Work item — Repeat the span of the entries below that starts at the line with "14k Pendant with" and ends at the line with "ลูกปัด รูขนาดใหญ่ สุ่มสี", nothing more. Skip the pictures.

[[ Supplied material open ]]

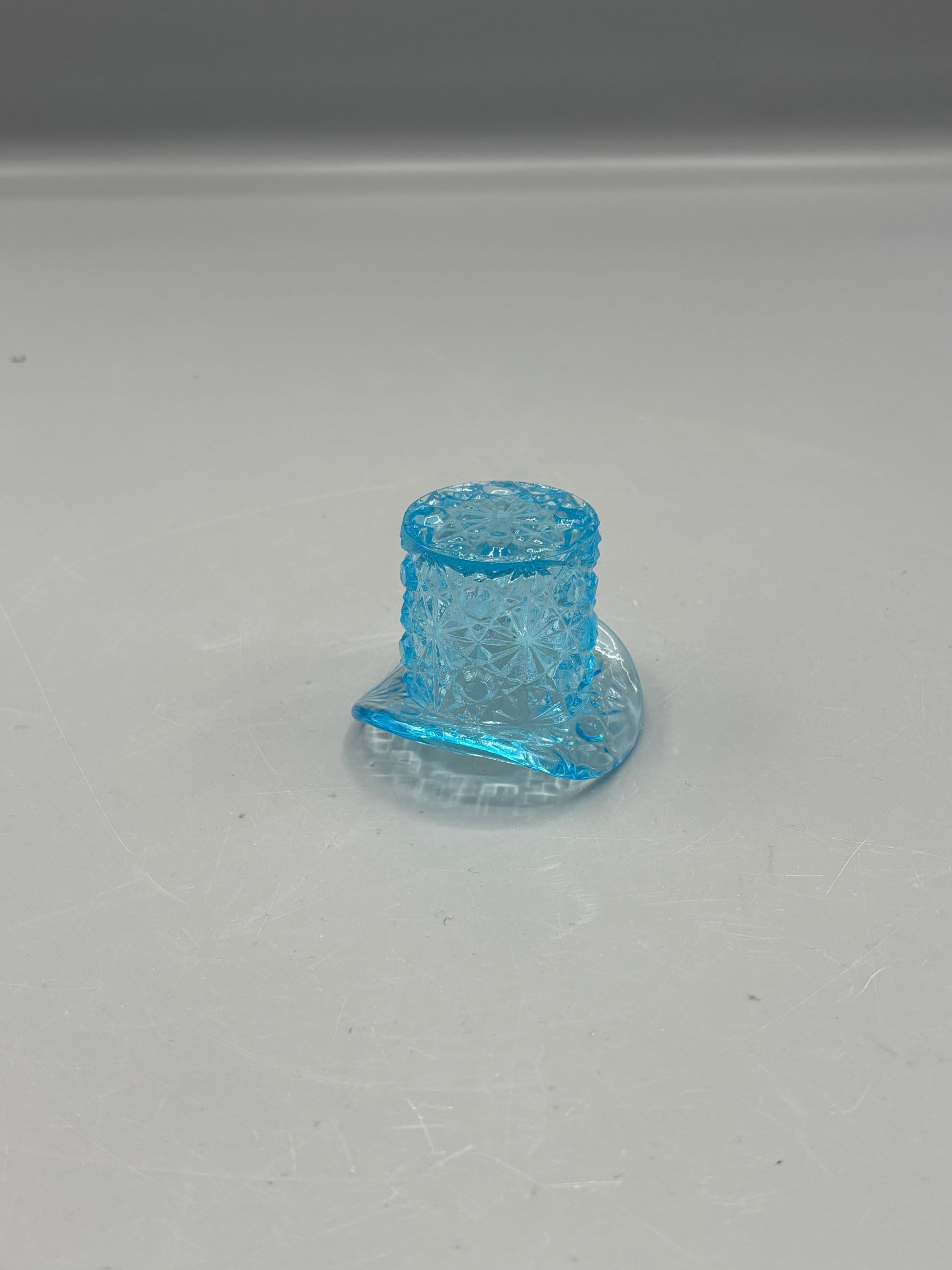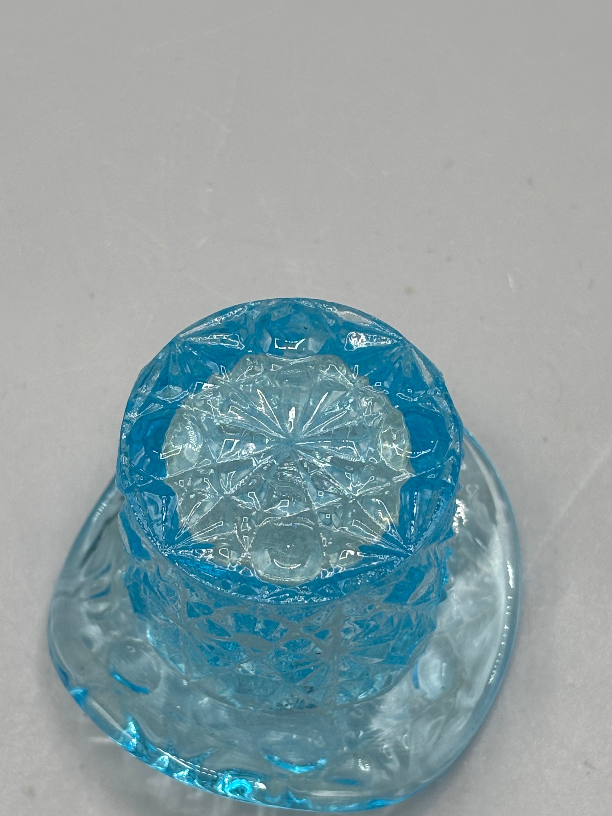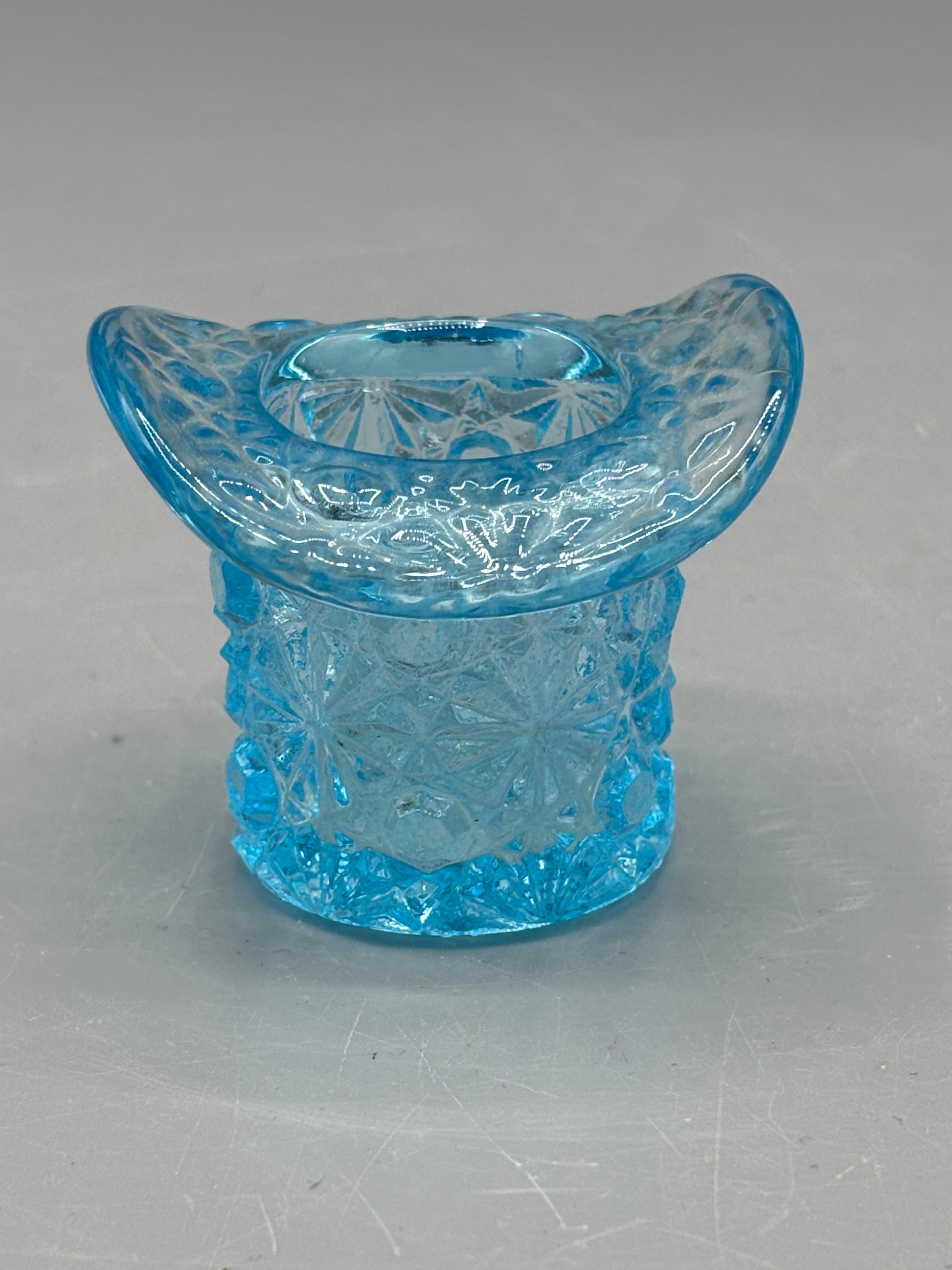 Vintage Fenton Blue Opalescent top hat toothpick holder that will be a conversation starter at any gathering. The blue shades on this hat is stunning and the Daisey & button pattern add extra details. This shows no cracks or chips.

[[ Supplied material closed ]]
[[ Supplied material open ]]

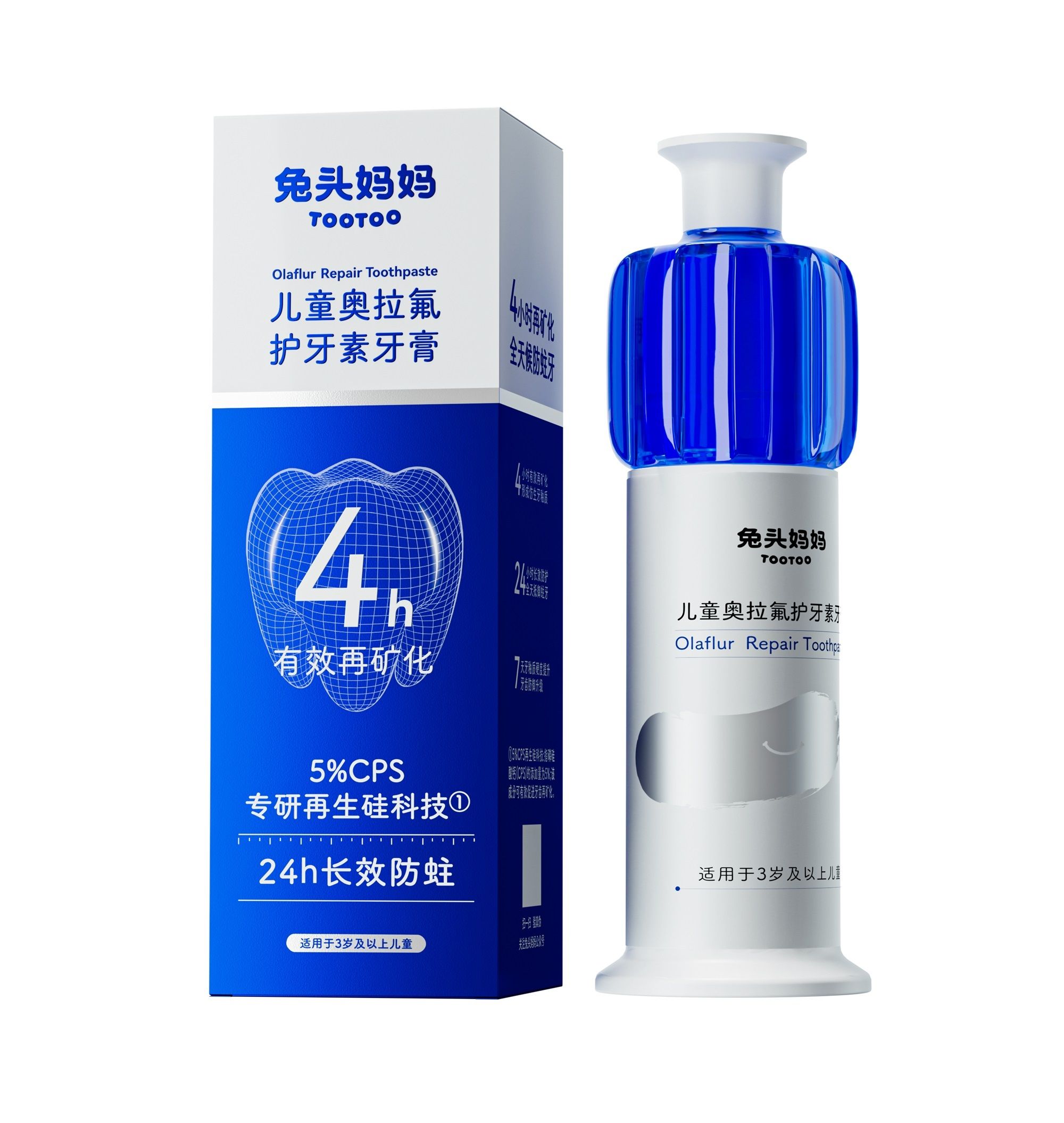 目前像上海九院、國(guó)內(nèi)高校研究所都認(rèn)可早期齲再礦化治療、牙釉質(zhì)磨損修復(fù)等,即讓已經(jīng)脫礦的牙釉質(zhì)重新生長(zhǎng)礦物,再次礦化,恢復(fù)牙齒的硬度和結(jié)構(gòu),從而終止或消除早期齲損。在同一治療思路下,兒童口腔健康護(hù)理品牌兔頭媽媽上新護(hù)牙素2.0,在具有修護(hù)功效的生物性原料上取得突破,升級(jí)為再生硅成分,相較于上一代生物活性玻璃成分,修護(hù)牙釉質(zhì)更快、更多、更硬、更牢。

[[ Supplied material closed ]]
[[ Supplied material open ]]

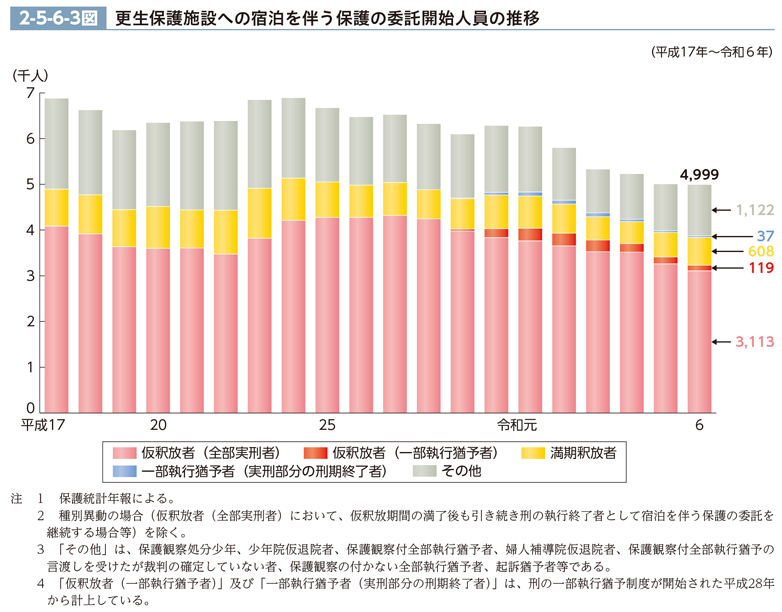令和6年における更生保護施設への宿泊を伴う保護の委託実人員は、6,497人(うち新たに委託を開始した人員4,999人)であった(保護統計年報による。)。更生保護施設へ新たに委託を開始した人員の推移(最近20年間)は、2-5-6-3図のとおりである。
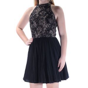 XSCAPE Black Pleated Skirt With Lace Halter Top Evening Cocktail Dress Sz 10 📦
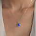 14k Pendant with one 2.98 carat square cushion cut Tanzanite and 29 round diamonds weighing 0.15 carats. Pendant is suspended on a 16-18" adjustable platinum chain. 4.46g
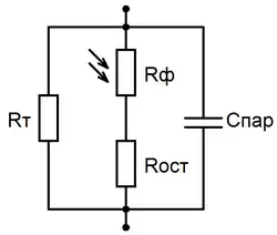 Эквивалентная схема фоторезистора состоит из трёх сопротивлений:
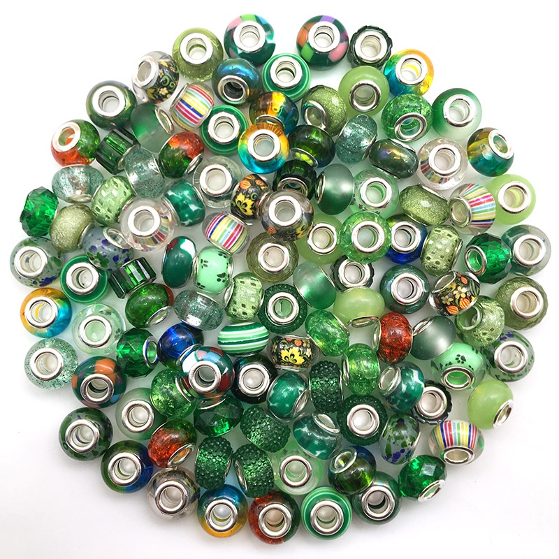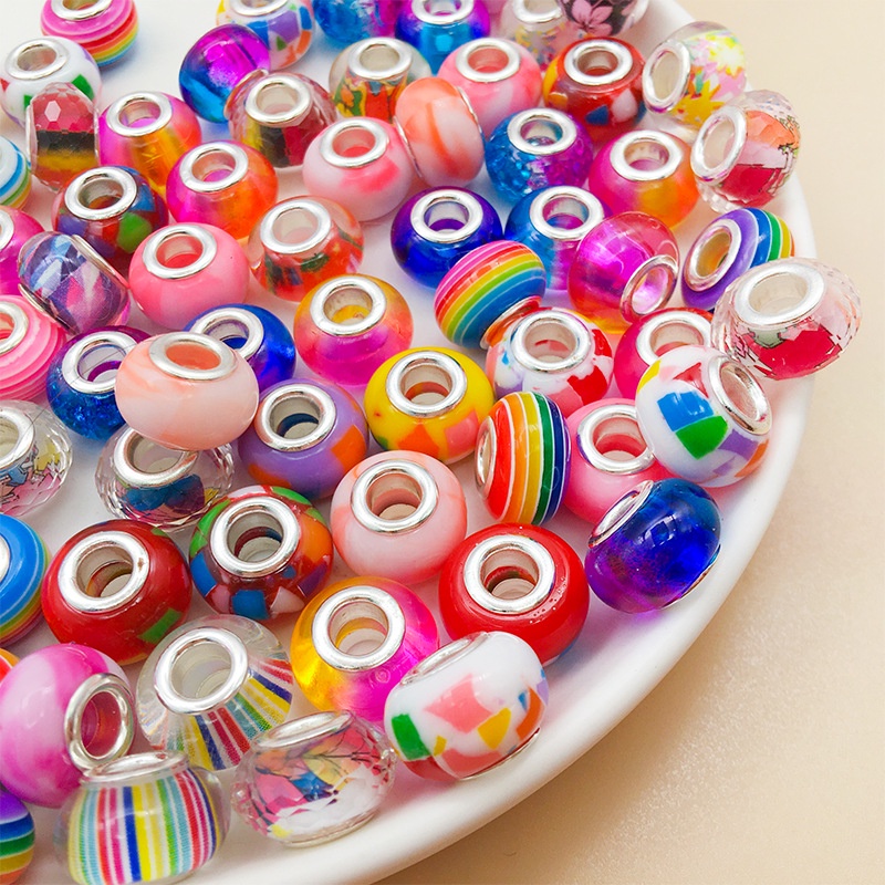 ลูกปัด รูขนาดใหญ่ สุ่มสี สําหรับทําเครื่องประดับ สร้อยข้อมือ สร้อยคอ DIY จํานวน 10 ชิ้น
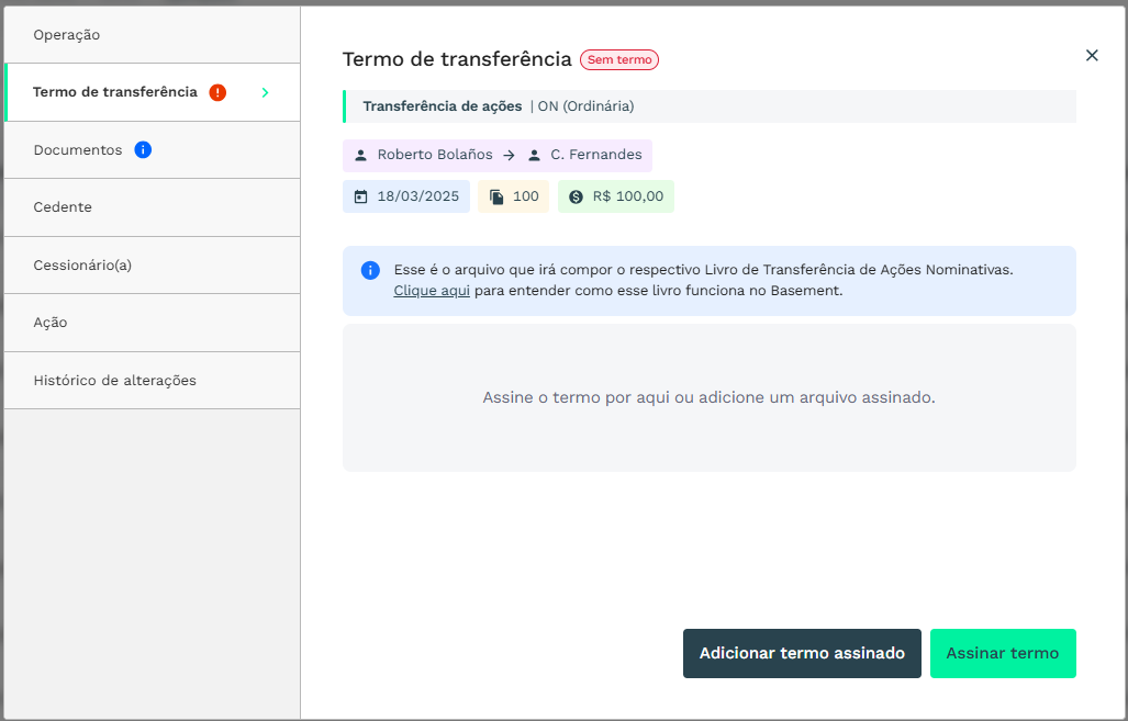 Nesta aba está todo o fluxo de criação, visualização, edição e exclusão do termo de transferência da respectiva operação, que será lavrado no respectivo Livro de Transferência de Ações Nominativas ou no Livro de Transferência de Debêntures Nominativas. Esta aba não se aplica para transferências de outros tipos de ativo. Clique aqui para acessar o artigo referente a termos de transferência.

[[ Supplied material closed ]]

Task result —
 14k Pendant with one 2.98 carat square cushion cut Tanzanite and 29 round diamonds weighing 0.15 carats. Pendant is suspended on a 16-18" adjustable platinum chain. 4.46g
 Эквивалентная схема фоторезистора состоит из трёх сопротивлений:
 ลูกปัด รูขนาดใหญ่ สุ่มสี สําหรับทําเครื่องประดับ สร้อยข้อมือ สร้อยคอ DIY จํานวน 10 ชิ้น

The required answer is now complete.